Точно так же и ощущение конца времен, к которому необходимо было подготовиться через юбилейное прощение грехов, было сформировано предшествовавшими религиозными и мирскими общественными чаяниями, нашедшими свое отражение и в борьбе городской общины с роскошью, и в переустройстве основ ее религиозной организации вокруг новых привлекательных принципов и практик отправления культа. Мы можем проследить эти тенденции обновления форм религиозности и ее агентов в общем картине развития городской жизни Центра и севера Италии от XIII столетия к Треченто, и в частных случаях. Один из таких ярких примеров привязанности городского купеческого рода к францисканской среде можно отметить особо, поскольку начало формирования религиозного выбора семейства Тиньозини из Лукки иллюстрируется множеством документов судебного характера. Глава рода Бонаджунта Тиньозини доказывал свое право покинуть приход, к которому семья как бы автоматически относилась по факту проживания в данном квартале города, и не только посещать мессы, проповеди и исповеди братьев общины миноритов, но и избрать францисканскую церковь местом последнего упокоения – в более достопочтенном и почитаемом месте культа, поручив тем же нищенствующим братьям свершить обряд погребения и служить за его душу заупокойные мессы (на что по завещанию были ассигнованы особые суммы). Добиться признания своей последней воли купец Бонаджунта смог лишь посмертно, зато этот исторический прецедент облегчил другим горожанам возможность свободы выбора церковной общины. Семья же Тиньозини своего выбора, по имеющимся у нас данным, придерживалась на протяжении нескольких поколений, и потомок Бонаджунты, живший в эпоху Треченто, также благотворил миноритам и упокоился при церкви францисканской общины.

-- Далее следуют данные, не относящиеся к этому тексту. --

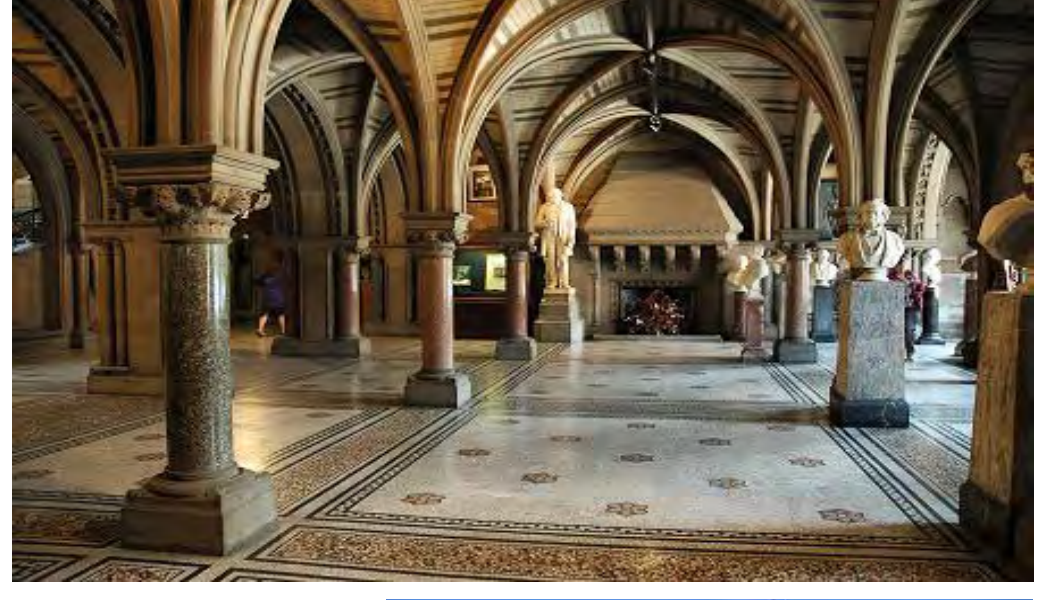
Sunday 13 July Welcome Reception – Manchester Town Hall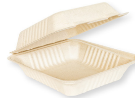
8"X8"X3" CLAMSHELL 200/CASE NF-88-CS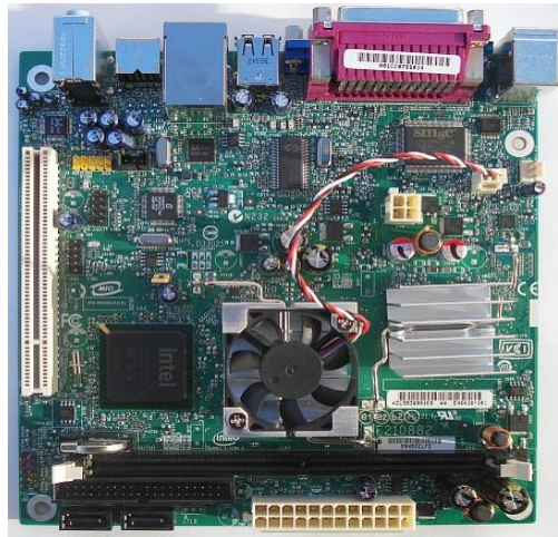
Figure 1. Intel Atom motherboard includes a fan for heat dissipation [8]

To increase performance, Atom also supports Hyper-Threading. Hyper-Threading is Intel's proprietary technology that implements simultaneous multi-threading. For each processor core that is physically present, the operating system can create two virtual processors and shares the workload between them. Hence a dualcore Atom, such as the N330, appears to have four cores to the operating system [7]. Finally, in order to support the multimedia operations, the Atom is commonly paired with a 945G chipset that further increases both its performance and power consumption.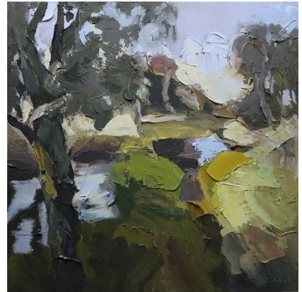
Banks of the Moorabool River Acrylic on Belgian linen 50 x 50cm $2500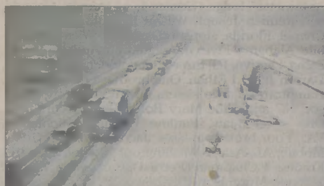
Snow on Jan. 3 shut down a section of Interstate 95 near Fredericksburg, Va. A wintry mix is possible Sunday in eastern North Carolina.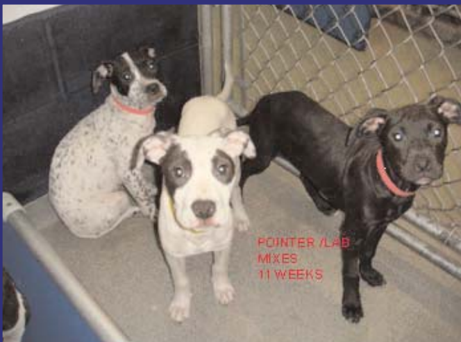
POINTER / LAB MIXES 11 WEEKS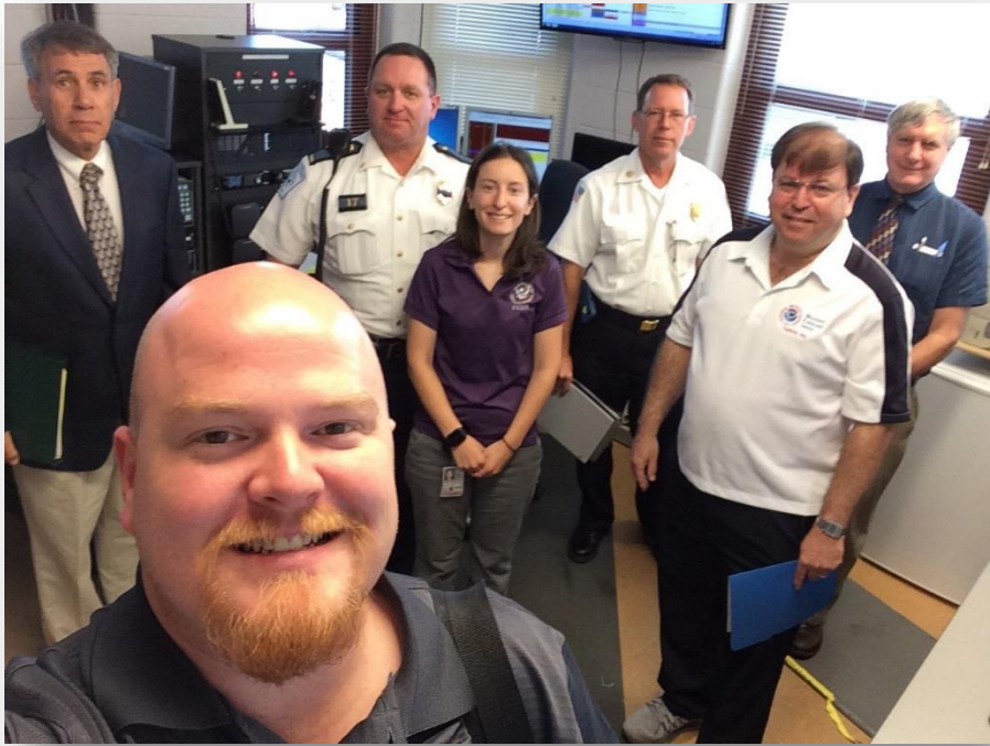
Town of Middletown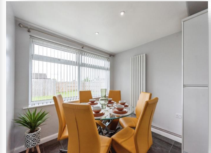
Hamblings Piece, East Harling, Norwich, NR16 2PZ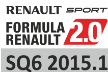
ECU release 2015.1 sticker

All FR2.0 ECUs must be reprogrammed by Renault Sport Technologies for the 2015 season with these new ECU software and mapping, release called 2015.1 , following the program schedule detailed later on. The reprogrammed ECU will then be identified by the related sticker as shown below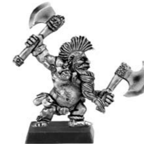
Trollslayer 110500101 – £4.00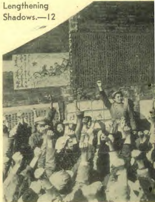
A Communist leader stirs the populace of a Ch... from Wes...

coming of the "time of the end," however, saw the beginning of a momentous new development in the relations between East and West.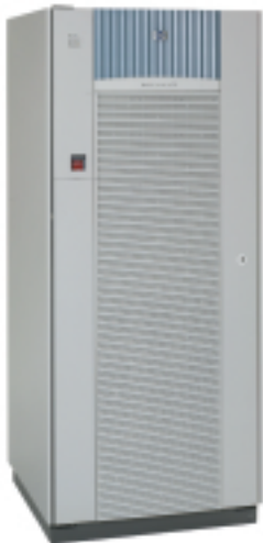
hp StorageWorks xp128 disk array

Францисканская религиозность уже не только как идеал благочестия, а как объединяющая религиозная практика, продолжала играть огромную роль в среде горожан Треченто – купцов, нотариев, судейских, т.е. людей, казалось бы, по роду своих занятий максимально дистанцированных от всего спиритуального, тем более – от служения «святой бедности». Тем не менее, интенсивность религиозных чувств представителей этой среды – воплощения vita attiva – не поддается сомнению, а умение перевоплощать мирские блага в благочестивые деяния поражает своими масштабами. Не удивительно, заметим в скобках, что эти благочестивые жертвователи ожидали как вполне обоснованного и заслуженного дела и скорейшего спиритуального воздаяния – как бы методом двойной возгонки материального в духовное благо.

Мы можем приподнять завесу над миром чувств и мыслей людей, которые считались в свое время лучшими сынами города, читая произведения эпистолярного жанра, представляя себе авторов и адресатов личных писем16. Весьма интересный материал был собран под рубрикой «Религиозные писатели эпохи Треченто»17 и издан Джорджио Петрокки в 1974 г. В частности, обращает на себя внимание переписка нотария и судьи Лаппо Матеи и купца Франческо Датини из Прато. Свежий взгляд на эпоху нотариев и стряпчих, и самих этих деловых людей обретет тот, кто прочтет начало письма, составленного в самом конце Треченто в Тоскане. С первых же слов: «уже три часа пополуночи, а я, свободный и одинокий в своем кабинете, перечитываю Ваше письмо, дорогой Франческо»18 (далее следует длиннейшая благочестивая преамбула) – ломаются стереотипы восприятия, представления о казенном языке и стиле жизни, которые ассоциируются, по крайней мере, в русской культуре, с традицией законников и миром писарей. Скорее, читателю переписки нотария и купца итальянского средневековья представляется некая богемная атмосфера, в которой живет человек, жгущий свечи бессонной глухой ночью, забывающий обо всем, и даже о времени, ради интеллектуального удовольствия и дружеских чувств. Но и это впечатление сменяется.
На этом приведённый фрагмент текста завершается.